| Provided material |
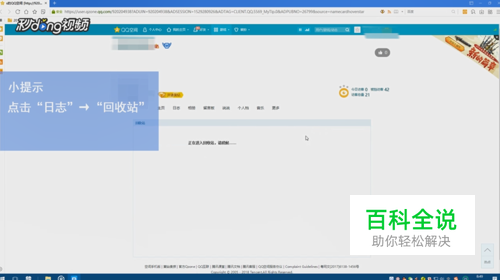 点击“日志”选项,然后找到“回收站”并点击。
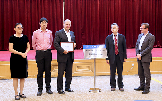 副董事长黄海军教授向科赛院士颁发北航客座教授聘书,并为其冠名实验室“科赛实验室”揭牌。“科赛实验室”的责任教授分别是法国的科赛院士和公司电子信息工程学院的赵巍胜教授。william威廉中文官网中法经理洪冠新教授、法方经理福乐吉教授以及william威廉中文官网的师生们共同见证。
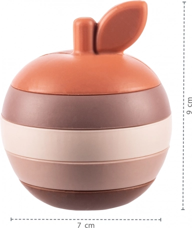 Stablelegetøj i æbledesign er et sjovt legetøj, som underholder barnet i lang tid; ud over underholdning udvikler det barnets finmotorik og hånd-øje-koordination. Indeholder 5 dele, som stables oven på hinanden til formen af et æble. Perfekt underholdning til picnic udenfor, i badekarret eller derhjemme på legetæppet; hjælper barnet med at lære former, farver, rumfornemmelse, tælling samt logiske og motoriske færdigheder. Fungerer også som en bidering, der stimulerer gummerne, når de første tænder bryder frem.
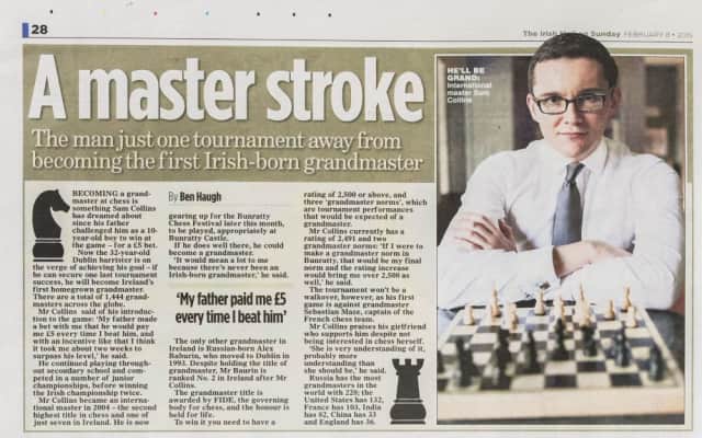 Sam E. Collins is an Irish chess player. He was awarded the title International Master by FIDE in 2004.
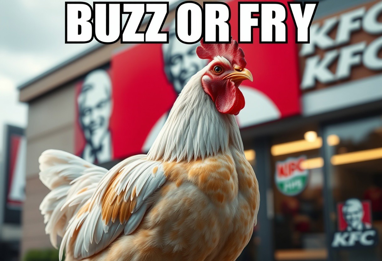“A realistic, detailed chicken standing confidently in front of a KFC restaurant. The chicken has bright feathers, a sharp gaze, and a proud stance as if aware of its surroundings. The KFC logo is visible in the background, slightly blurred for depth. The scene is captured in a cinematic style with balanced lighting, slightly warm tones, and a shallow depth of field. Overlay bold white text with a black outline in meme style at the top: ‘BUZZ OR FRY’.”
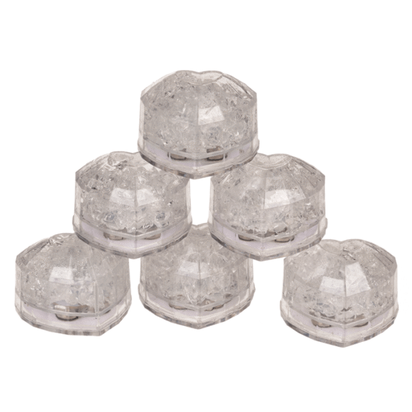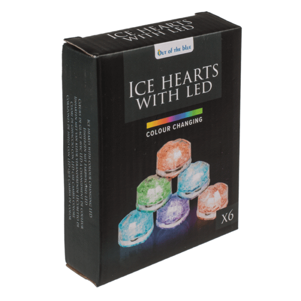 Plastic ice heart with LED, colour changing, 3.8 x 3.5 x 2.6 cm, set of 6 in gift box LED ice hearts

| Aim of the exercise |
All of the material should be written out again exactly, apart from the pictures.

| Exercise solution |
 点击“日志”选项,然后找到“回收站”并点击。
 副董事长黄海军教授向科赛院士颁发北航客座教授聘书,并为其冠名实验室“科赛实验室”揭牌。“科赛实验室”的责任教授分别是法国的科赛院士和公司电子信息工程学院的赵巍胜教授。william威廉中文官网中法经理洪冠新教授、法方经理福乐吉教授以及william威廉中文官网的师生们共同见证。
 Stablelegetøj i æbledesign er et sjovt legetøj, som underholder barnet i lang tid; ud over underholdning udvikler det barnets finmotorik og hånd-øje-koordination. Indeholder 5 dele, som stables oven på hinanden til formen af et æble. Perfekt underholdning til picnic udenfor, i badekarret eller derhjemme på legetæppet; hjælper barnet med at lære former, farver, rumfornemmelse, tælling samt logiske og motoriske færdigheder. Fungerer også som en bidering, der stimulerer gummerne, når de første tænder bryder frem.
 Sam E. Collins is an Irish chess player. He was awarded the title International Master by FIDE in 2004.
“A realistic, detailed chicken standing confidently in front of a KFC restaurant. The chicken has bright feathers, a sharp gaze, and a proud stance as if aware of its surroundings. The KFC logo is visible in the background, slightly blurred for depth. The scene is captured in a cinematic style with balanced lighting, slightly warm tones, and a shallow depth of field. Overlay bold white text with a black outline in meme style at the top: ‘BUZZ OR FRY’.”
 Plastic ice heart with LED, colour changing, 3.8 x 3.5 x 2.6 cm, set of 6 in gift box LED ice hearts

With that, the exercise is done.